■ Given material ■
::::::

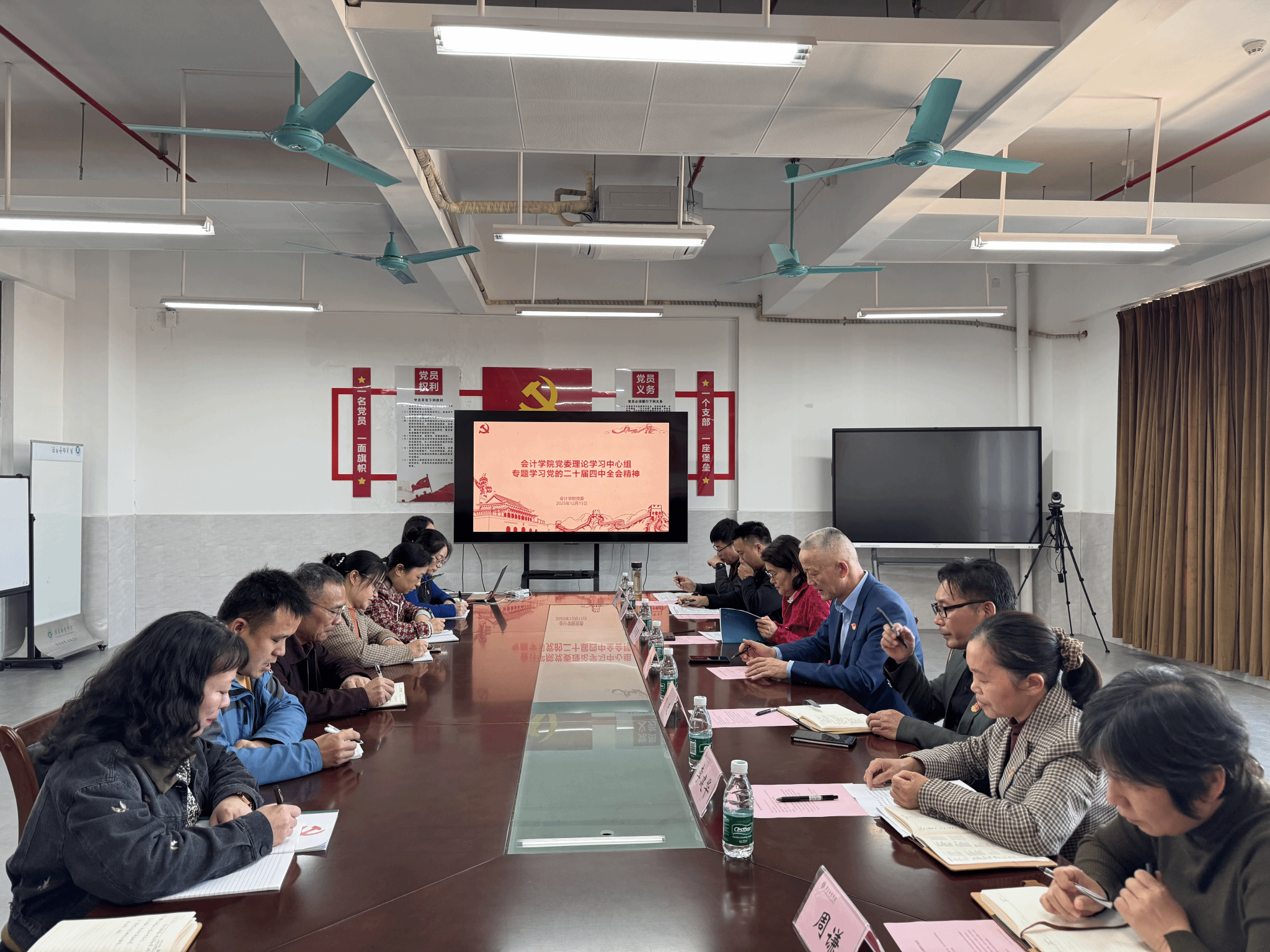 2025年12月15日下午,会计学院党委理论学习中心组在致用楼1315召开党的二十届四中全会精神专题学习会。会议由党委书记李建华主持,校党委书记孙国忠、党委宣传部部长曾进列席旁听专题学习会,学院党政班子成员、各系主任、各党支部书记参加会议。
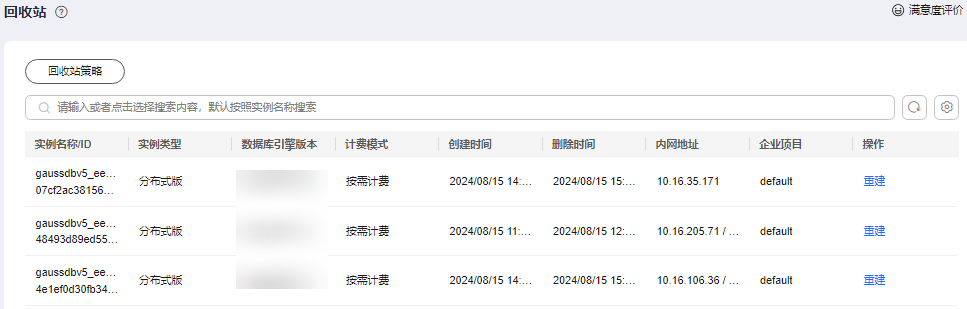 5. 在“回收站”页面,在实例列表中找到需要恢复的目标实例,单击操作列的“重建”
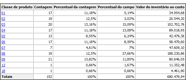 Os resultados mostram que o valor do inventário se concentra em quatro classes de produto: 03, 04, 08 e 09.
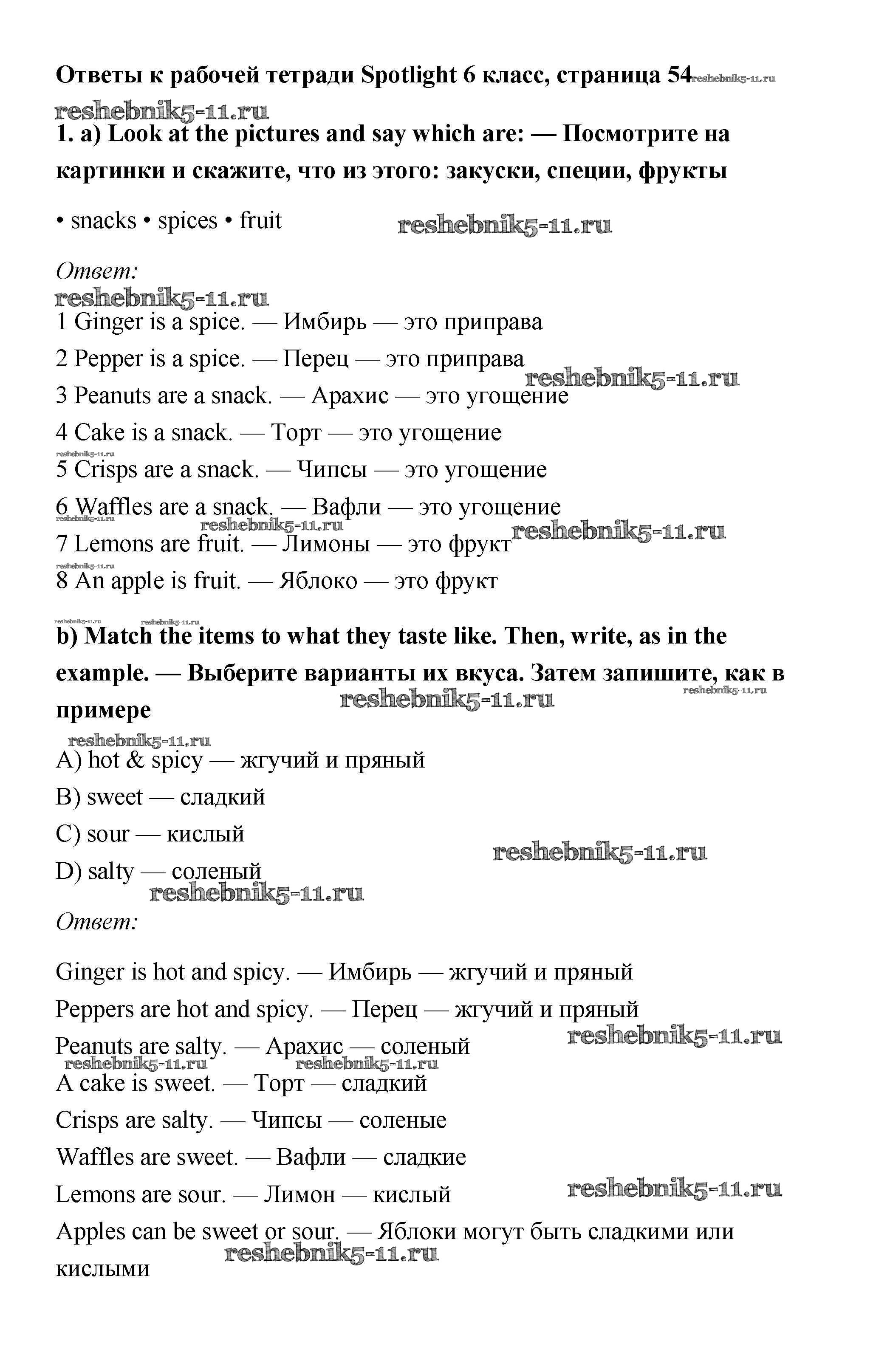 Готовая домашняя работа с ответами по Английскому языку за 6 класс Эванс, Дули, Подоляко, Ваулина Рабочая тетрадь Spotlight Просвещение 2011 - Страницы 54

::::::

■ Exercise description ■
Return every line of the data above exactly, and omit all pictures.

■ Output for this exercise ■
 2025年12月15日下午,会计学院党委理论学习中心组在致用楼1315召开党的二十届四中全会精神专题学习会。会议由党委书记李建华主持,校党委书记孙国忠、党委宣传部部长曾进列席旁听专题学习会,学院党政班子成员、各系主任、各党支部书记参加会议。
 5. 在“回收站”页面,在实例列表中找到需要恢复的目标实例,单击操作列的“重建”
 Os resultados mostram que o valor do inventário se concentra em quatro classes de produto: 03, 04, 08 e 09.
 Готовая домашняя работа с ответами по Английскому языку за 6 класс Эванс, Дули, Подоляко, Ваулина Рабочая тетрадь Spotlight Просвещение 2011 - Страницы 54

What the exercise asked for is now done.